Jak ustalił reporter telewizji Superstacja Zakład Ubezpieczeń Społecznych ma dostać dwa samochody już w czerwcu. W przetargu ZUS zaznaczył, że auta muszą być wyprodukowane w 2014 roku. W specyfikacji urzędnicy wymagają też, by samochody miały co najmniej 165 koni mechanicznych, automatyczną skrzynię biegów, fotele skórzane, lakier czarny metalizowany, a nawet przyciemniane szyby z tyłu. Po co ZUS-owi takie limuzyny?
- Bardzo często zdarzają się takie sytuacje, że na przykład jesteśmy tutaj w centrali i spotkania organizuje któreś z ministerstw czy któraś z innych instytucji centralnych i na takie spotkanie delegowani są pracownicy centrali, nasi eksperci, więc taki samochód oczywiście służy do tego, żeby podwieźć na Bracką czy na Marszałkowską takiego eksperta - tłumaczy rzecznik ZUS Jacek Dziekan.
- Żyjemy w XXI wieku i tak jak państwo przed telewizorami używacie samochodów do tego żeby się przemieszczać z jednego miejsca na drugie, tak samo pracownicy ZUS-u używają tego wynalazku na czterech kółkach, żeby móc funkcjonować - mówił rzecznik ZUS w rozmowie z telewizją Superstacja.

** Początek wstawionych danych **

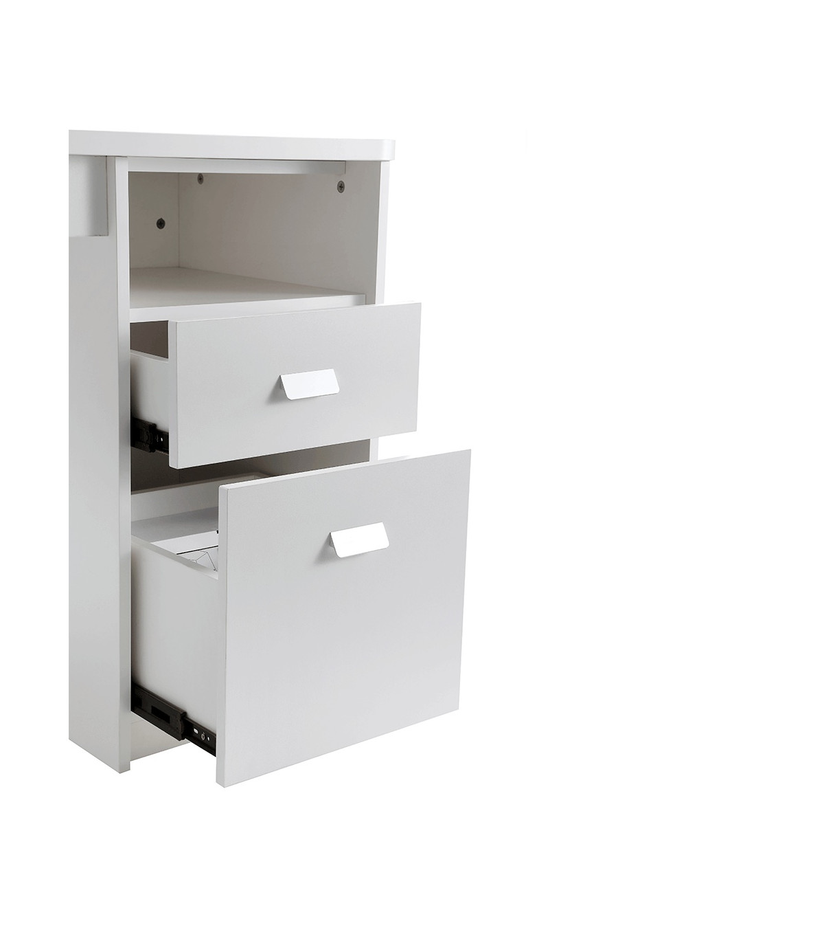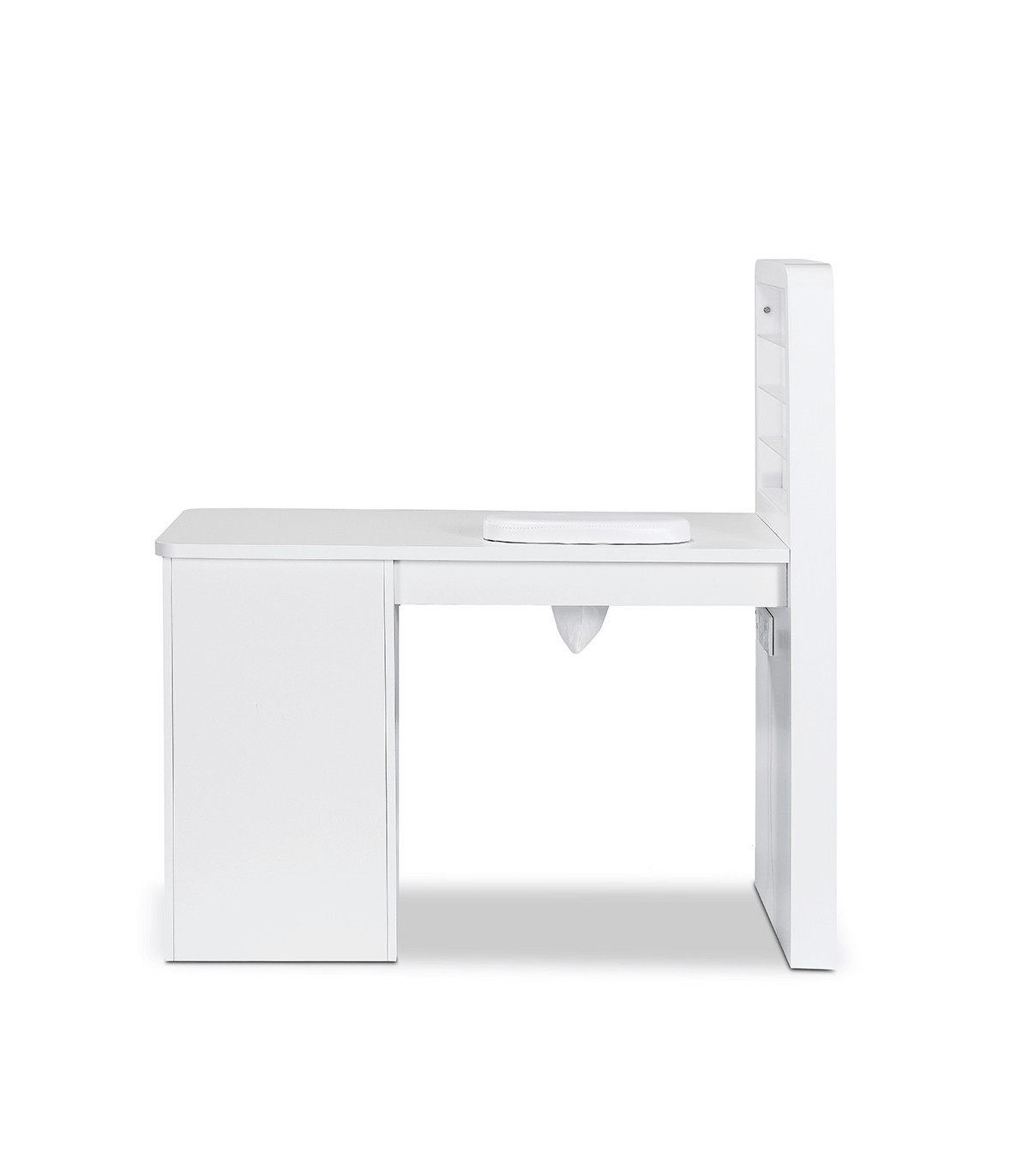 - A Mesa de Manicura Marion está disponível na elegante cor branca, que se adapta a qualquer decoração de salão.

- To wyposażenie dodatkowe, które jest w tym samochodzie to tak naprawdę standard w tej klasie pojazdów i mówimy tutaj o rzeczach, które są niezbędne czy to dla bezpieczeństwa czy też dla pewnego standardu podróżowania. Samochód służbowy to jest miejsce pracy. Kierowca siedzi za kierownicą i prowadzi ten samochód, a prezes czy też członek zarządu z reguły ma na kolanach laptopa, a przy uchu komórkę i po to żeby ta praca była na jakimś podstawowym poziomie komfortu, ten samochód ma jakieś dodatkowe wyposażenie w rodzaju na przykład fotela, który daje się elektrycznie przesunąć - mówi Jacek Dziekan, rzecznik ZUS.
Innego zdania jest Marcin Chludziński, prezes Fundacji Republikańskiej, który nie kryje, że przypomina mu to Bizancjum.